INPUT DATA section start

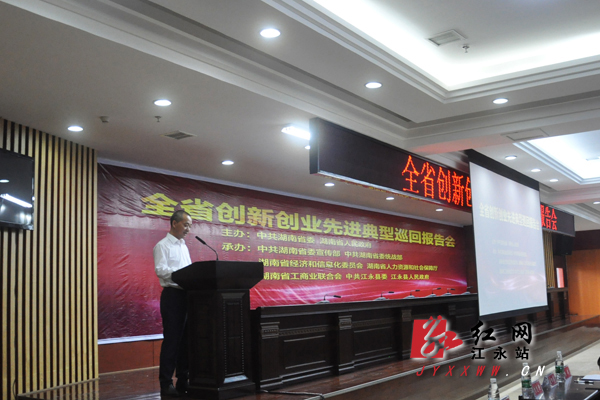 报告会上,与会的领导干部通过观看VCR、聆听报告等,深入了解了湖南千山制药机械股份有限公司董事长刘祥华、湖南果秀食品有限公司董事长阳国秀、湖南维格磁流体股份有限公司董事长言继春、衡阳海联进出口有限公司董事长周游、湖南大诚中药生物股份有限公司董事长廖丽萍、郴州市三合乔龙生态农业有限公司总经理王硕丰等6名成功企业家创业的艰辛历程和宝贵心得,会场上不时响起热烈的掌声。
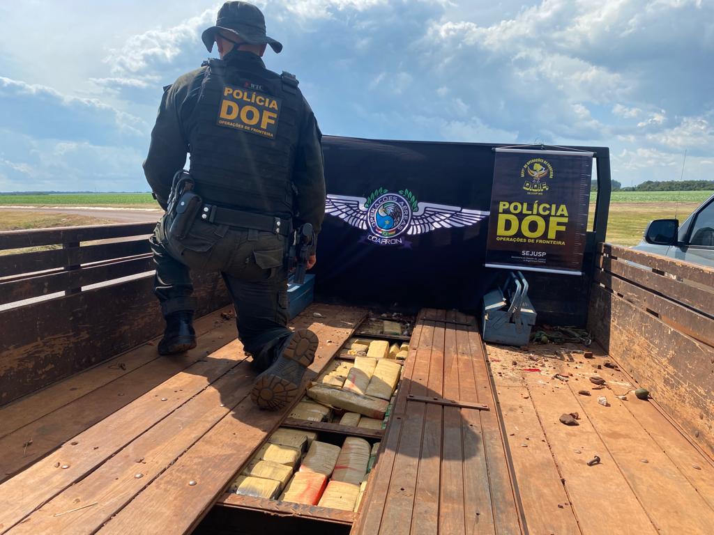O DOF (Departamento de Operações de Fronteira) apreendeu na tarde desta sexta-feira (02/12), na MS-164 em Maracaju, mais de 170 quilos de maconha escondidos em um fundo falso na carroceria de uma camioneta GM/D20.
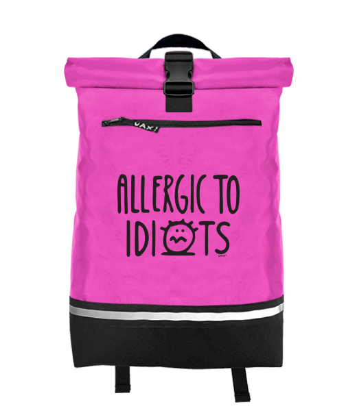 Original backpack ROLL-TOP LARGE with design 1354 ALLERGIC TO IDIOTS in color INDIAN LILA
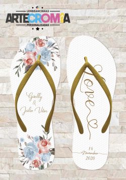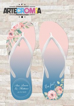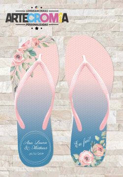 Chinelo personalizado casamento com flores rosa e fundo azul e rosa – MDL 195
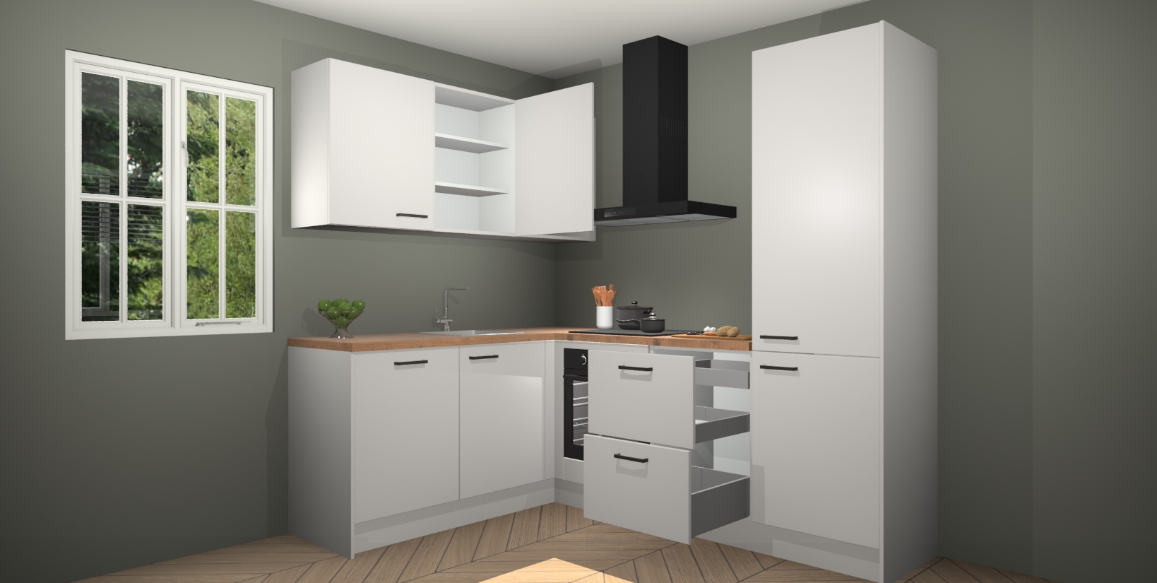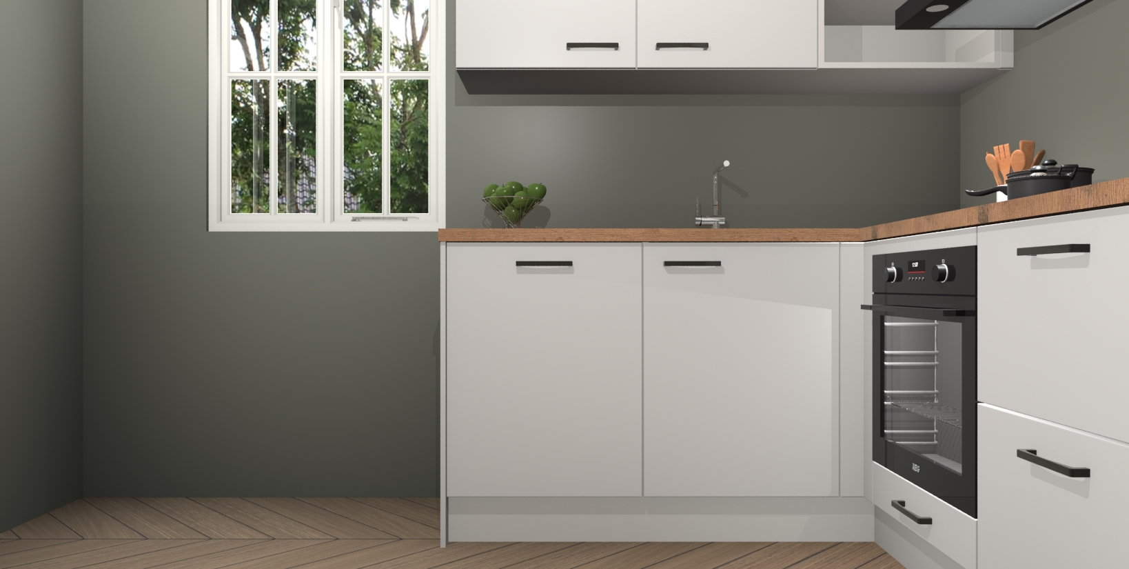 Inclusief plinten, stelpoten en werkblad

INPUT DATA section end

§ **INSTRUCTIONS TO FOLLOW**
Produce the entries above once more, exactly as given, with each picture left out.

§ **WRITTEN RESPONSE**
 报告会上,与会的领导干部通过观看VCR、聆听报告等,深入了解了湖南千山制药机械股份有限公司董事长刘祥华、湖南果秀食品有限公司董事长阳国秀、湖南维格磁流体股份有限公司董事长言继春、衡阳海联进出口有限公司董事长周游、湖南大诚中药生物股份有限公司董事长廖丽萍、郴州市三合乔龙生态农业有限公司总经理王硕丰等6名成功企业家创业的艰辛历程和宝贵心得,会场上不时响起热烈的掌声。
O DOF (Departamento de Operações de Fronteira) apreendeu na tarde desta sexta-feira (02/12), na MS-164 em Maracaju, mais de 170 quilos de maconha escondidos em um fundo falso na carroceria de uma camioneta GM/D20.
 Original backpack ROLL-TOP LARGE with design 1354 ALLERGIC TO IDIOTS in color INDIAN LILA
 Chinelo personalizado casamento com flores rosa e fundo azul e rosa – MDL 195
 Inclusief plinten, stelpoten en werkblad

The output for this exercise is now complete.